Mateo 8,14-15; Marcos 1,29-31; Lucas 4,38-39.

 Notas

* Los cimientos de la casa de Pedro, en las ruinas de Cafarnaum, son uno de los lugares con mayor autenticidad histórica entre los recuerdos materiales de la vida de Jesús. De la casa de Pedro se conserva el basamento original y el dintel de entrada. Con toda certeza, Jesús lo cruzaría cientos de veces. Estos cimientos dejan ver un espacio de vivienda reducidísimo donde la familia de Pe­dro viviría muy pobremente. Las casas se construían unas junto a otras, de forma que varias casas y varias familias compartían una especie de patio común, cuyo trazado puede apreciarse en las ruinas.

* Simón Pedro es el discípulo de Jesús de quien más información nos dan los evangelios. Son abundantes los datos sobre su carácter apasionado y espontáneo. Además, los evangelios recuerdan que tenía suegra y, por lo tanto, estaba casado.

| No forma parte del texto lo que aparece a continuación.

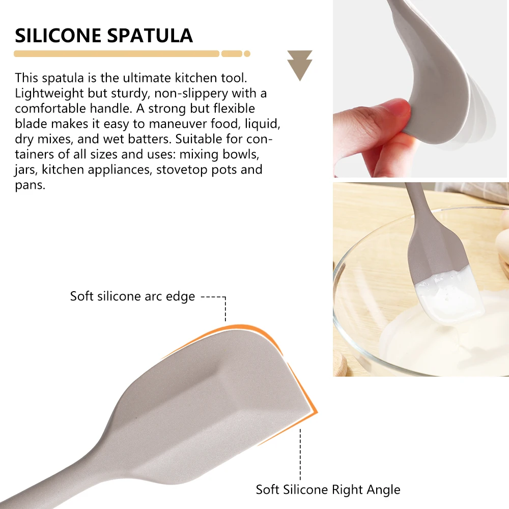 1. Upgrade your baking skills with this non-stick heat-resistant silicone baking tool set. This 6-piece set adds elegance and style to your kitchen. The set includes Spoonula & Mini Spoonula, Spatula & Mini Spatula, Spreader, Basting Brush – all with ergonomic grip design to ensure comfortable and safe baking and cooking.

* En los tiempos de Jesús había menos viejos que hoy en día. La vida de las personas era más corta porque se tenían muy pocos conocimientos médicos. La mayoría de los hombres y mujeres moría joven según los criterios actuales. Los ancianos eran muy queridos en Israel y su presencia inspiraba respeto en la familia. Eran también los responsables de transmitir la historia familiar y las tradiciones culturales.